The solution is using a Reverse Proxy, which is software that redirects the incoming traffic to the configured port and service depending on (in my case) the requested subdomain.
The idea is that accessing the URL https://service1.mydomain.example.com would be forwarded to the local device, where a service is listening on port 443 (HTTPS) and finally redirected to the configured service1 port.
There are many different pieces of software that can be configured to perform Reverse Proxy, I picked Caddy because it feels modern, easy to configure, and it can handle SSL certificates from Let’s Encrypt by itself.
Since I don’t want to mess with the filesystem of my local device and I want a reproducible environment for my services, I opted for the Docker version of Caddy. In particular, the Docker Compose version.
I’ll link my entire setup at the end but the tree for the Caddy directory is something like this:
caddy/
├── Caddyfile
├── README.md
├── config
├── data
└── docker-compose.yml
The Caddyfile is where the magic is configured. Let’s get back to the example above, proxying service1. The minimal Caddyfile section would be:
service1.mydomain.example.com:443 {
reverse_proxy service1:5006
}
Time to host some service now.
Dockerized Services
This bit is very personal, we don’t share the same needs and everyone is free to try new applications, and experiments and host whatever they need. What’s still important to me is not messing with the filesystem and having a reproducible environment: Docker!

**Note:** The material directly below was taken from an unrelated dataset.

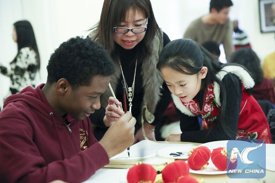 A student from Medgar Evers College Preparatory School of New York learns how to paint with a brush pen during a culture exchange event in New York, the United States, Feb. 2, 2018. (Xinhua/Wang Ying)

These are my currently hosted services:
- Actual Budget: a personal finance application
- Jellyfin: a video streaming application
- Immich: a replacement for Google Photos, with automatic backup, face recognition and shared albums
- Nextcloud: a Google Suite replacement, Drive, Office, Notes, …
- Vaultwarden: a Rust implementation of the Bitwarden server application
Following the directory organization described for Caddy, every service has its own subdirectory and Docker file.
AdGuard Home
One last service I’m hosting is AdGuard Home: if configured as your network DNS it can block ads, trackers, and similar crap the internet is filled with nowadays.
I’ve decided to not expose this service over Caddy because it doesn’t make sense to me. The DNS is only used in my LAN and it doesn’t make sense to me to have the Admin Panel exposed on the public internet.
Still using Docker compose for it though, for the same reasons as the other applications.
Conclusion
Is this the final setup? Probably not. I’m actually afraid I’ll spend so much time on it, hopefully learning every time something new (looking at you k8s).
When I started I didn’t know much about DDNS, and Reverse Proxy and I definitely wasn’t comfortable with Docker Compose. I now feel a bit more expert in the networking area and my data is also safe at home!
My server can go down? Yes sure, it can happen: I’ll buy a UPS. My storage can die? Yes, it will. You better have a daily (if not hourly) backup running.
Can it be done better? I’m perfectly sure about that, but I think I shouldn’t forget the original intent of this whole work and enjoy what I got.
Additional tips
You can find my setup here: feel free to clone it, configure it, and give it a try. As I said, my network, my choices: you may need different services, you may want to set it up differently, or whatever. Just fork it or keep it as a reference.
And please, think about backups before actually using it (Borg is what I currently suggest, I may write something about it in the future).